GXリーグ大解剖セミナーが示す官民連携の可能性と未来像
2026年5月29日に、一般社団法人日本パブリックアフェアーズ協会が主催したセミナー「転機を迎えるGXリーグ大解剖」が、オンラインで開催されました。このセミナーでは、官民連携の新たなルール形成についての最新現場からの情報が共有され、今後の展望が語られました。
セミナーの冒頭では、協会のポリシーフェローである荒武見希氏が、協会の概要と最近の活動実績を紹介しました。その後、経済産業省GXグループの大原眞晴氏が講演を行い、GXフューチャー・リーグの役割と成果に関する詳細を説明しました。特に、高市政権下でのGX政策の位置づけ、さらに今後10年間において150兆円を超える官民投資を見込む「成長志向型カーボンプライシング構想」についての解説が注目されました。 第1フェーズにおいて成果として挙げられたのは、「GXスキル標準」の策定。さらに、新設された「GXフューチャー・コンソーシアム」内での入会要件や、GX関連予算の応募要件といった重要なポイントについても言及されました。

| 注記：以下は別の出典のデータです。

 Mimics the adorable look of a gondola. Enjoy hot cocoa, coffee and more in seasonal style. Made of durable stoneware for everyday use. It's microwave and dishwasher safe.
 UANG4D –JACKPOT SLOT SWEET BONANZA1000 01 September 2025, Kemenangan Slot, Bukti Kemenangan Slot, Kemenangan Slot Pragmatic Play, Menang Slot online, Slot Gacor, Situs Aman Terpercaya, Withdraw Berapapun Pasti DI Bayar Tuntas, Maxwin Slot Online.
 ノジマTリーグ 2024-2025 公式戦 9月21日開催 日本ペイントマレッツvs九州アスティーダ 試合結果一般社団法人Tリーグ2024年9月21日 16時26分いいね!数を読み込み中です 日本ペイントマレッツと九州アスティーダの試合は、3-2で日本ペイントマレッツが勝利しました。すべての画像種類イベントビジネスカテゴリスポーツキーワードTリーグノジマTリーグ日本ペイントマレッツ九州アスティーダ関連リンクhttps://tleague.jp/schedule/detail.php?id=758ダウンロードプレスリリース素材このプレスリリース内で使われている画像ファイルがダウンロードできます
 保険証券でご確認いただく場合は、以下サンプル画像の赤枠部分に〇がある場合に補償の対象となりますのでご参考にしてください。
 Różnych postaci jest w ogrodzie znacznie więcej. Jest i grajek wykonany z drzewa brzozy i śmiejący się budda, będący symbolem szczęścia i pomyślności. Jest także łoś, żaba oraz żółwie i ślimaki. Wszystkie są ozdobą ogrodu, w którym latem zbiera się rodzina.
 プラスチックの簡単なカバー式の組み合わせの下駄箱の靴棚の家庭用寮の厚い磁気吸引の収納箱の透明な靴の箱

その後、株式会社宣伝会議の番匠俊允氏が『GXリーグ発足・GXスキル標準の策定で起きた企業行動の変化』についての講演を行いました。彼は、GXリーグ発足による企業の意識の変化に着目し、以前のようにコンサルタントに依存するのではなく、社内人材の内製化にシフトしていることを強調しました。この変化は、サプライチェーン全体にわたる危機感の高まりとも関連しているとのこと。「GXスキル標準」の存在が、専門知識を言語化し、組織の構造やキャリアプランに役立っていると彼は評価しました。また、生成AIの普及が企業のサステナビリティに対する正確な情報開示の nécessitéであることも述べられました。

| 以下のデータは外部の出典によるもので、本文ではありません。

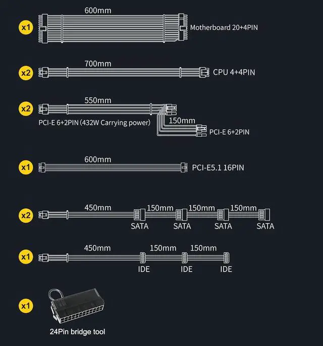 Fully Modular: Full module with flat white cables, improve airflow & strengthen cable management
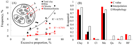 (A) The relationship between clay content and excessive proportion; (B) standard deviation distributions versus different minerals.
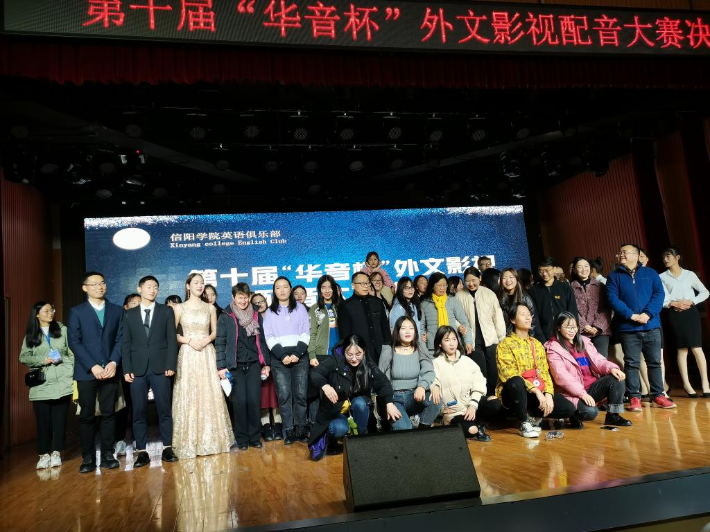 11月24日晚上七点,外国语学院英语俱乐部在大学生活动中心举行第十届“华音杯”外文影视配音大赛决赛。出席本次比赛的嘉宾评委有院长罗德喜教授,教学干事李达老师,社团指导教师陈俊明,Crao、Anna和Justin三位外教教师。

セミナーの後半では、パネル討議が行われ、当協会理事の市川芳明氏がイニシャルリマークを担当し、その後岩本隆氏がモデレーターとしてディスカッションをリードしました。テーマは『環境問題解決に向けた取り組みと官民連携によるルール形成のあり方』。経済産業省の大原氏や宣伝会議の番匠氏、当協会の市川理事がパネリストとして登壇し、政策予算に結び付いた官民連携とルール形成に関する視点から活発な議論が展開されました。
日本パブリックアフェアーズ協会は、今後も市民や政治家、行政が参加するオープンな議論の場を提供し、複雑な社会課題に対して民間の知恵を取り入れる解決策の模索を続けていく意向です。これは、政府だけでは解決策が難しい問題に対して、民間の知恵と活力を活用した新たなアプローチを提示するものです。